Su respiración se volvió errática al darse cuenta de algo que lo dejó helado: su hija no estaba. ¿Dónde demonios estaba esa mocosa? ¿Por qué no venía a ayudarlo? Intentó mirar alrededor, pero la penumbra del sótano y su posición restringida le impedían ver más allá de su propio terror.
Un estruendo sacudió la habitación cuando la puerta se abrió de una patada. Jhoan se sobresaltó, su cuerpo convulsionándose de manera involuntaria sobre la cama. El gran bulto de carne que era su cuerpo tembló al ver la silueta que se recortaba en la puerta. Era la misma figura de antes, envuelta en negro, un pasamontañas ocultando su rostro. Pero sus ojos... sus ojos eran lo único visible, y en ellos no había rastro de piedad.

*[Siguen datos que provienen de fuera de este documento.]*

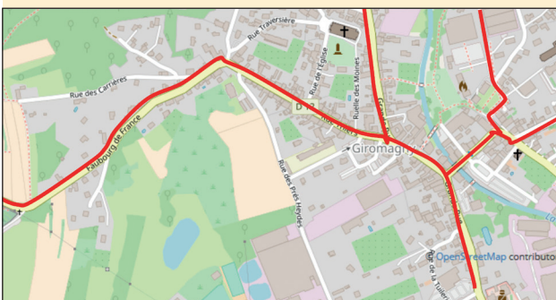
Les zones 30 à Giromagny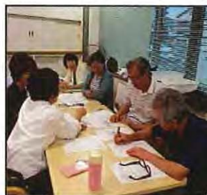
【 所内の事故予防研修 】

研修内容：事故予防研修・感染症研修・認知症ケア研修・マナー接遇研修・虐待防止研修等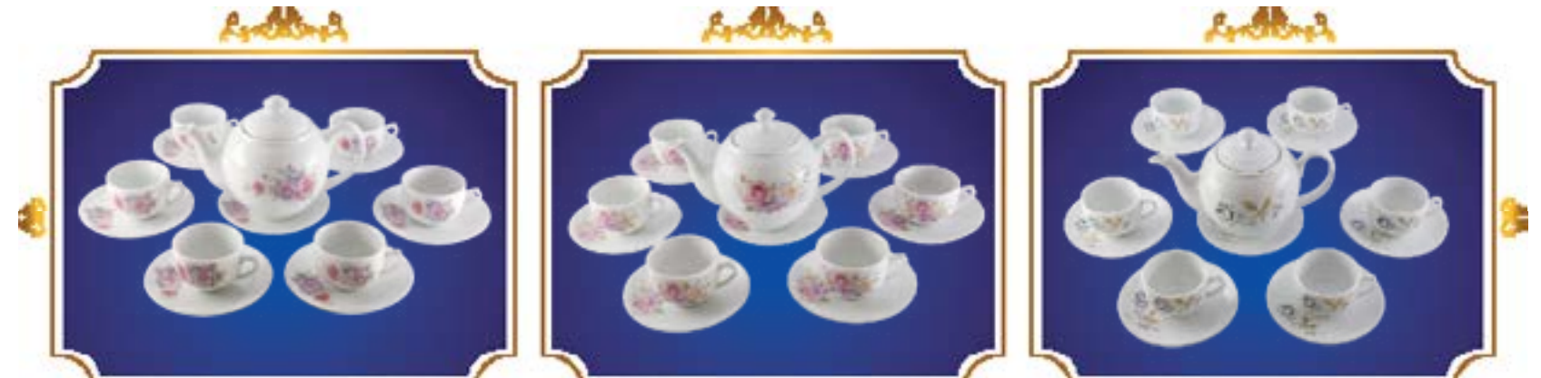
BỘ TRÀ BẦU THANH HỒNG TÍM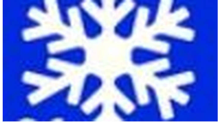
Winterwanderweg 1 Sonnenweg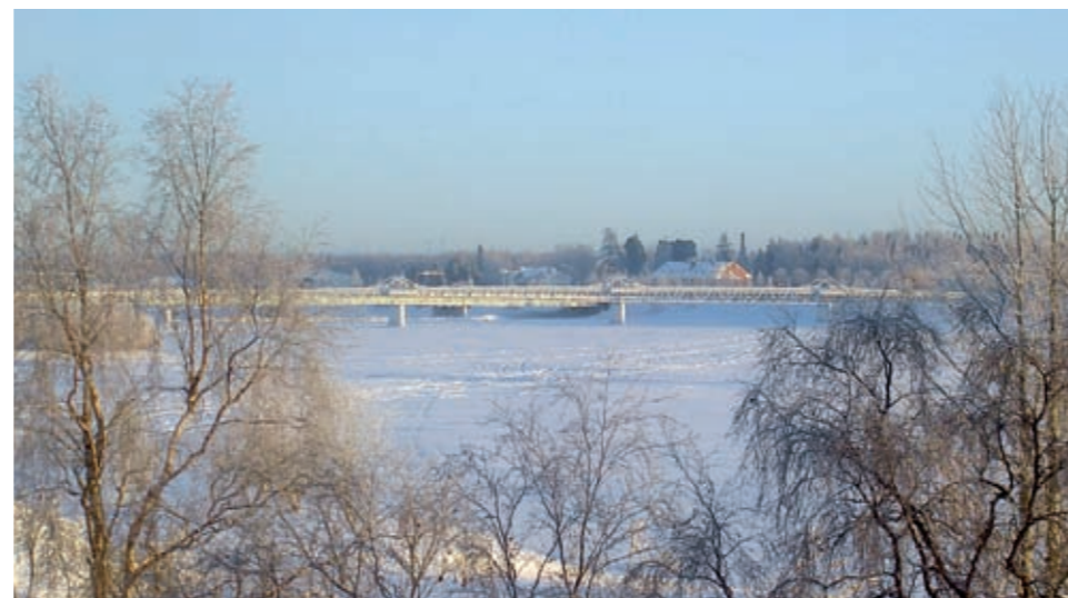
Tornioväylä Tornion Suensaaren kohala.

Pohjoskalotin neuosto Tel +358 16 211 4324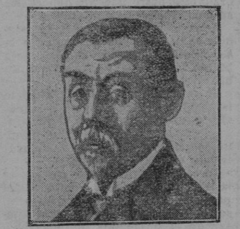
El general Simón que presidió las negociaciones de Uxda y que recibió la primera confidencia de la rendición de Abd-el-Krim.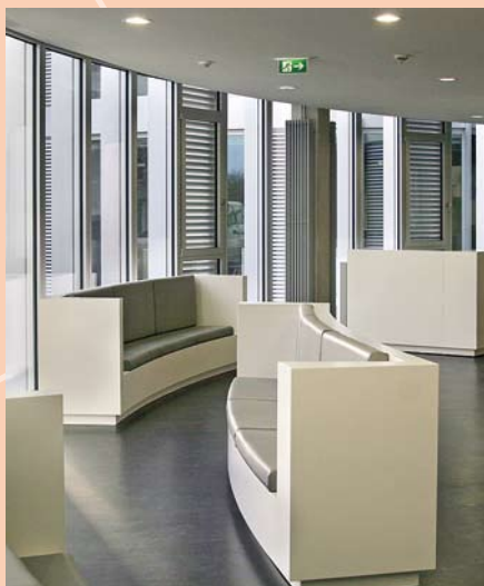
Das ZBZ ist der Standort für Fort- und Weiterbildung, Fachsymposien und andere Veranstaltungen aus dem zahnmedizinisch-biowissenschaftlichen Bereich.

Im ZBZ selbst können Besprechungs- und Vortragsräume flexibel für bis zu 40 Personen angemietet werden. In Kombination mit dem gegenüber liegenden FEZ Forschungs- und Entwicklungs-Zentrum Witten und der benachbarten Universität Witten/Herdecke bietet der zentral gelegene Standort im Herzen der Metropole Ruhr beste Voraussetzungen für die Ausrichtung großer und kleiner Symposien mit zahlreichen Parallelworkshops. Bei Bedarf unterstützt das Team des ZBZ bei der Ausrichtung größerer Veranstaltungen.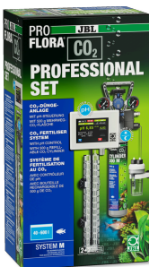
JBL PROFLORA CO2 PROFESSIONAL SET M Kit de fertilisation au CO2 avec régulateur de CO2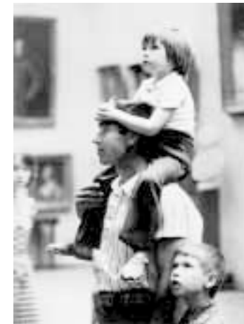
«Семья, сучий потрох, гнойный аппендицит, группа тел...»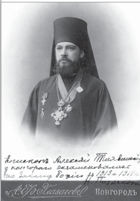
Епископ Тихвинский Алексий (Симанский). Начало XX в.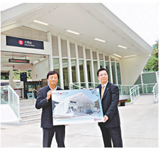
港鐵公司昨日宣布，港鐵大學站鄰近中文大學穿校巴士站處新設D出口本月28日啟用。香港文匯報記者李彩荷攝

香港文匯報訊(記者 文森)為了方便搭乘港鐵往中文大學的人士，以及疏導港鐵大學站其他3個出入口乘客流量，港鐵公司昨日宣布，港鐵大學站鄰近中文大學穿校巴士站處新設D出口本月28日啟用。教學大樓及校巴士站的人士帶來方便。他續稱，該工程歷時1年3個月完成，新出口共設有4個出入口開機，1個閘閘機，1個售票機及1個增值機，可疏導大學站其他3個出入口每日共逾3萬人次乘客流量。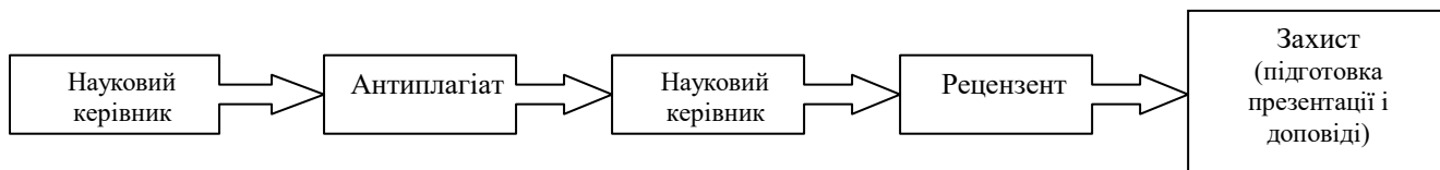
Рис. 1.Схема підготовки роботи на етапі підготовки до захисту

Схема підготовки роботи, визначення її оригінальності і проходження через рецензування представлена на рис. 1.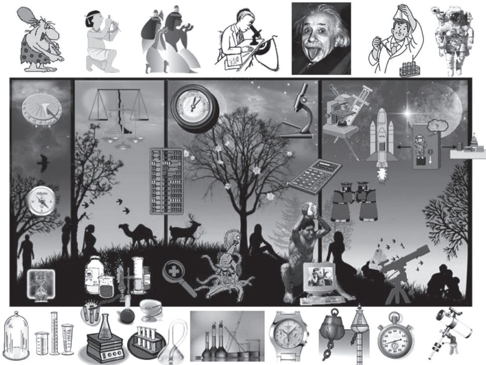
Рис. 1. Совершенствование инструментария в процессе познания окружающего мира

Сегодня аппарат “КСК-БАРС” является своеобразной сложной информационной системой, которая работает или взаимодействует (в процессе диагностики и лечения) с материальными живыми системами (биологическими организмами), и следует отметить, с системами не только высокоорганизованными, но и достаточно интеллектуальными.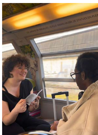
Le Serveur vocal poétique à bord du TGV Paris-Lille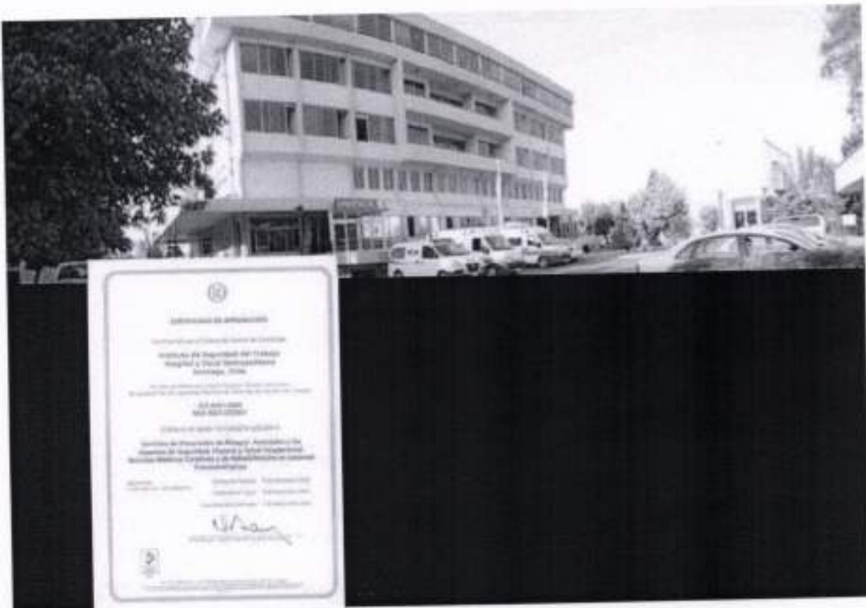
Transporte de accidentados. Urgencia.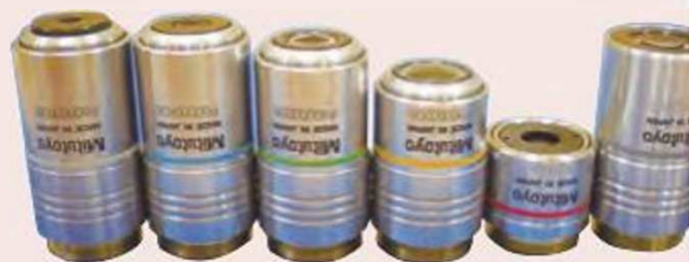
Широкий ассортимент объективов, доступных для различных увеличений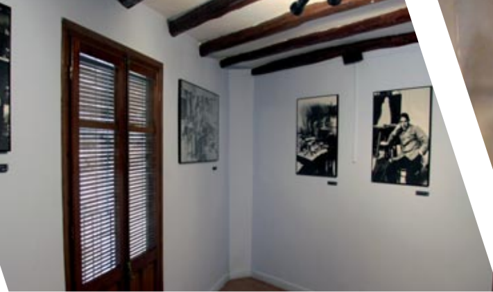
Estancia con fotos de Pablo Gargallo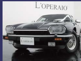
'93 JAGUAR XJ-S V12 COUPE ウェストミンスターブルー 41,000km ¥3,209,000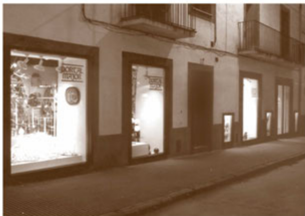
Exterior de Fotografia Esteve, al carrer Major; exterior de "Portal Major" al passeig Comte Guifré i detall interior de "Novalium", al barri de l'estació, exemples de conservació de patrimoni; perspectiva actual del carrer Pere Rovira.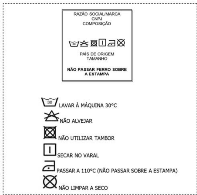
Figura 04 – Sugestão etiqueta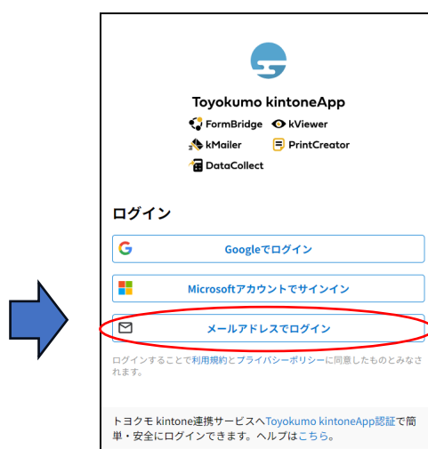
図 1 日本化粧品工業会 総会・懇親会出欠認証画面

② 図 2 の画面が表示されたら、 会員代表者連絡担当者のメールアドレス※ を入力し、送信ボタンをクリック。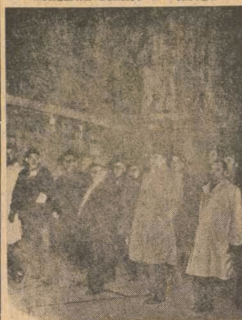
Francuscy posłowie komunistyczni z tow. JACQUES DUCLOS na czele, opuszczają późną nocą gmach francuskiego Zgromadzenia Narodowego po burzliwej debacie w sprawie wyboru wiceprzewodniczących Zgromadzenia.

NOWY JORK PAP. — Oświadczenie prezydenta Trumana, zapowiadające wystąpienie wkrótce w kongresie z wnioskiem o udzielenie dalszej pomocy Chinom, wywołało ożywione komentarze w prasie i opinii publicznej Stanów Zjednoczonych. Grupa znanych działaczy postępowych postanowiła zwołać konferencję, która będzie specjalnie poświęcona polityce Stanów Zjednoczonych wobec Chin i Dalekiego Wschodu.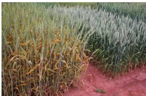
مقایسه مزرعه آلوده و سالم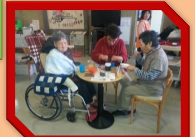
美原オレンジカフェ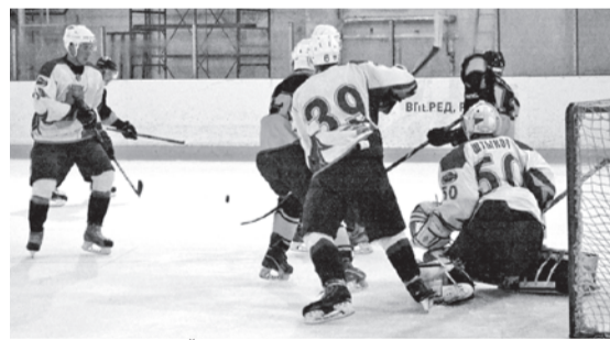
ФОТО ОФИЦИАЛЬНОЙ ГРУППЫ МХК «ЛИПЕЦК» ВКОНТАКТЕ

Напомним, белгородцы также победили в товарищеских матчах с Дмитриевым и Зеленоградом. Следующие контрольные встречи «Белгород» проводит в Воронежской области против «Россоши» 18 и 19 августа.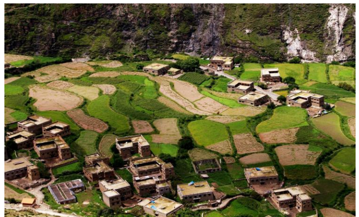
村落 by 颀圮的华年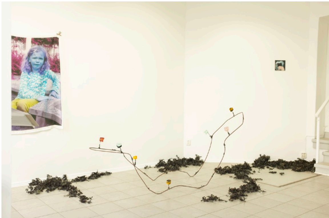
Vuorovesi , lasi, harjateräs ja rakkolevä, 5m x 1,2m x 3m, 2022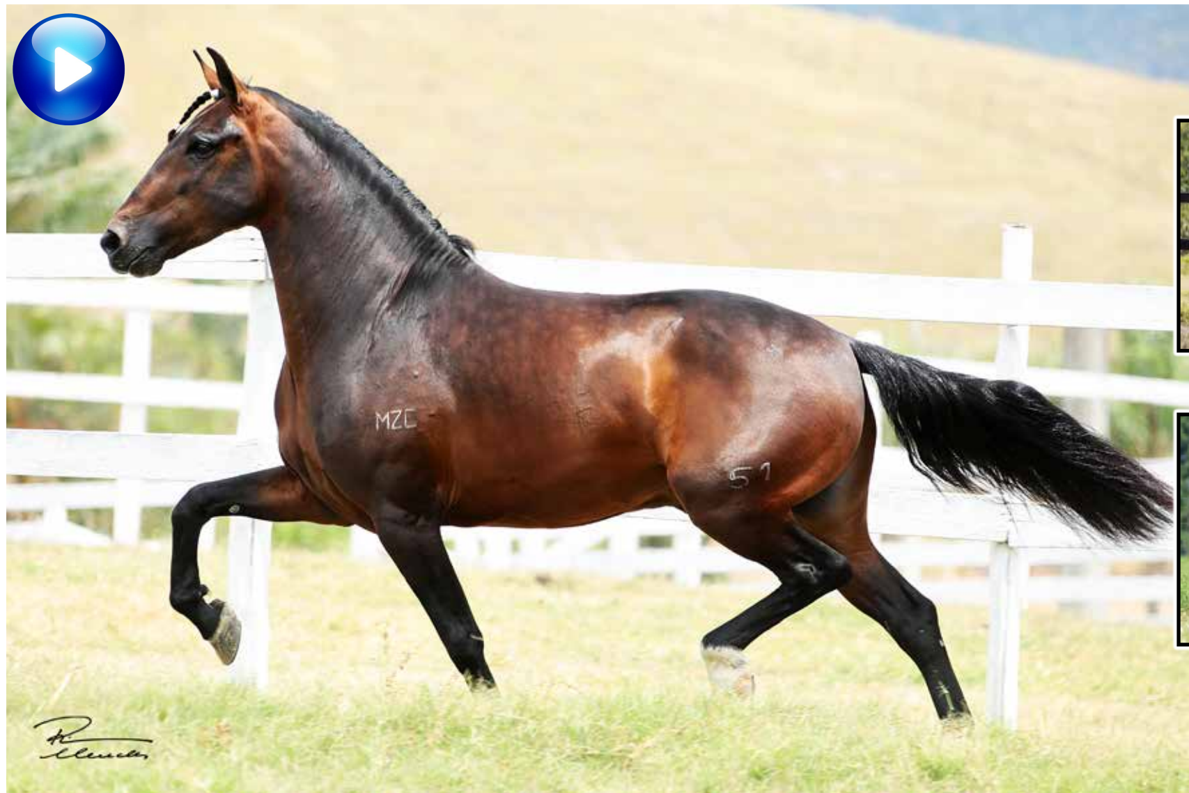
Pai, Favacho Diamante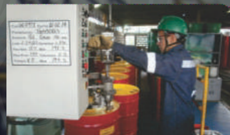
Operación del Sistema de Llenado de Tanques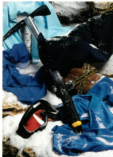
Abb. 2: Impact: Himmel Blau: H-350 - SAE LIM - SCP153P, Blau: H-250 - SITIP - FLASH, Blau: H-250 - FUJIAN K BOXING - N05009, Navy Blau: H-350 - PUCHEON - TCF003

Bei Extrem-Sportlern kommt es auf Bewegungsfreiheit, Komfort und vor allem Schutz an. Die creora Elastan/Spandexfasern ermöglichen die Herstellung leichtgewichtiger und schützender Hochleistungsfasern. Hochmodulare Fasergelege ermöglichen in Verbindung mit creora performance H-350 und creora black H-100D ein lang anhaltendes Schwarz und dunkle Farben (Abb. 2).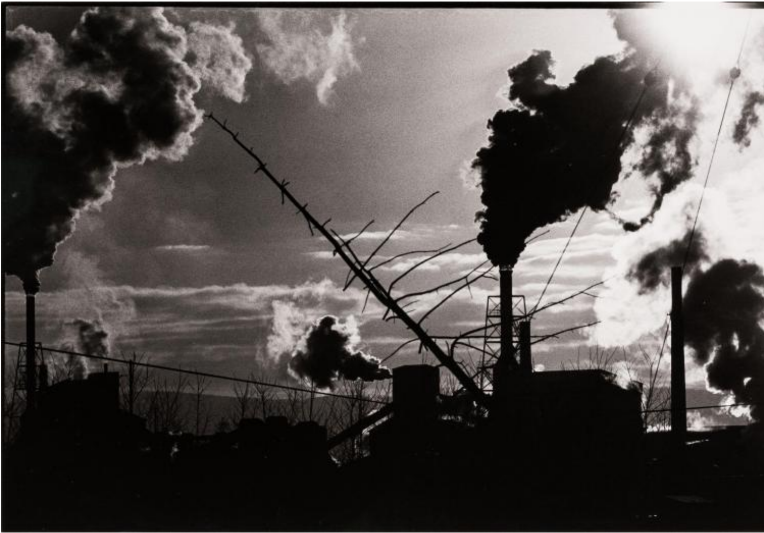
Masahisa Fukase, Nayoro, 1978 © Masahisa Fukase Archives.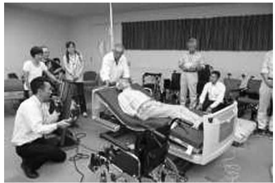
新テキストを使った研修風景(栃木拠点)

ナルクの拠点からの注文と併せて、行政からの問合せが多く寄せられています。既に昨年9月から「会報ナルク」に「介護サポーター研修・日常生活支援研修」シリーズで情報提供してきました。今一度「会報」を参考に全拠点が一斉に「時間預託活動の推進」「総合事業推進」のため、会員自身「介護力・介助力」をつけるため、ぜひ拠点挙げての研修会を実施していただきたいと思います。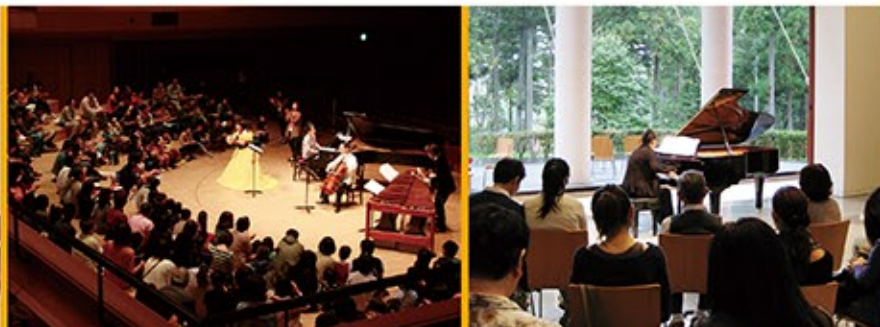
「ステージできくコンサート」第1回(2013年10月20日)の様子。お客様にも手拍子で参加いただくなど、様々なアイデアが盛り込まれました。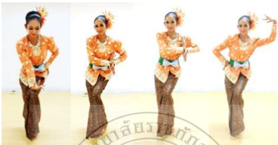
ภาพที่ 23 : ทำจำปาตะ 23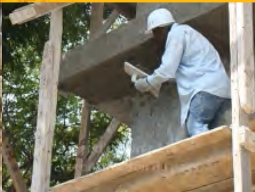
Metselen van een klaslokaal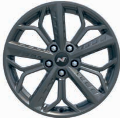
18 inç alaşım jant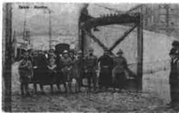
Slika 23. - Sušak - Granica, razglednica, Sušak 1931. godina, PPMHP 123689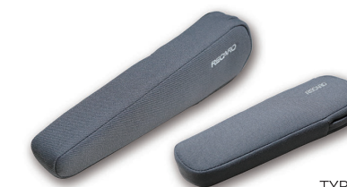
TYPE-EN Nardo Gray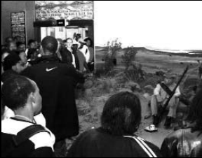
Besoek aan die Oorlogsmuseum.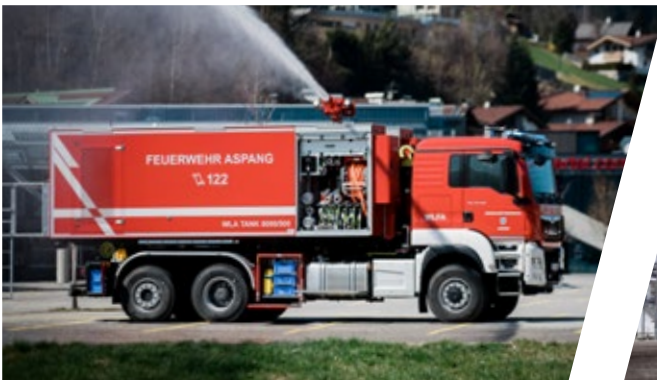
Wechseladefahrzeug, WLF Load Handling System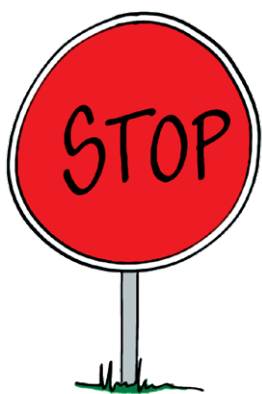
Billede 3: Stopskilt.

Inden klassen går i gang med at lytte, skal eleverne også blive opmærksomme på, at det kræver en aktiv handling, hvis de mister koncentrationen under lytningen. Ligesom man under læsning kan komme til at tænke på andre ting, så man må tilbage og genlæse noget af teksten, så kan man som lytter også få brug for at spole tilbage, hvis man misser noget. Eleverne kan som hjælp opøve en evne til at se et stopskilt for deres indre blik, når deres tanker forsvinder i andre retninger. Det skal de gøre under lytning , men de skal gøres opmærksomme på det og øve sig i det inden den selvstændige lytning. For eksempel kan man gøre det sammen ved at lytte til en lille bid af en lydfortælling og tænke højt, når tankerne flyver væk, eller man mister koncentrationen, og så markere med stopskiltet (se billede 3).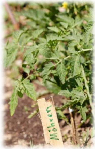
Abbildung 13: co.natur gGmbH Waldkindergarten Heimsheim

Der Schwerpunkt des Waldkindergartens Mönshheim liegt in den Bereichen: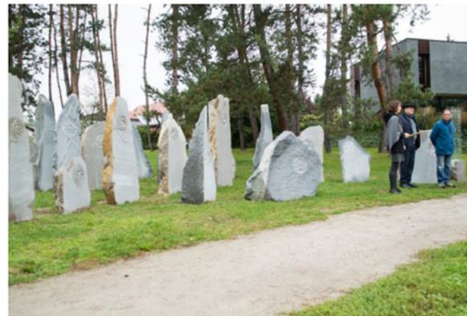
Otvoritev Geopunkturnega kroga v Mestnem parku v Mariboru, 2017.

RAZMISLI. KJE SO VZROKI, DA SE GAJA NE POČUTI NAJBOLJE? ONESNAŽEVANJE NARAVE JI VERJETNO RES NE DANE PRAV DOBRO? SE DOGAJA ŠE KAJ TAKŠNEGA, KAR BI LAHKO SLABO VPLIVALO NA NJENO POČUTJE?

Camila avanzó con pasos firmes y controlados, su mirada oscura clavada en él. Cada movimiento suyo estaba impregnado de determinación, de la fría certeza de alguien que ya no duda, que ha tomado una decisión inquebrantable.
—¿Sabes quién soy? —preguntó con voz baja, letal. No necesitaba gritar; el veneno en su tono era suficiente para helar la sangre de cualquiera.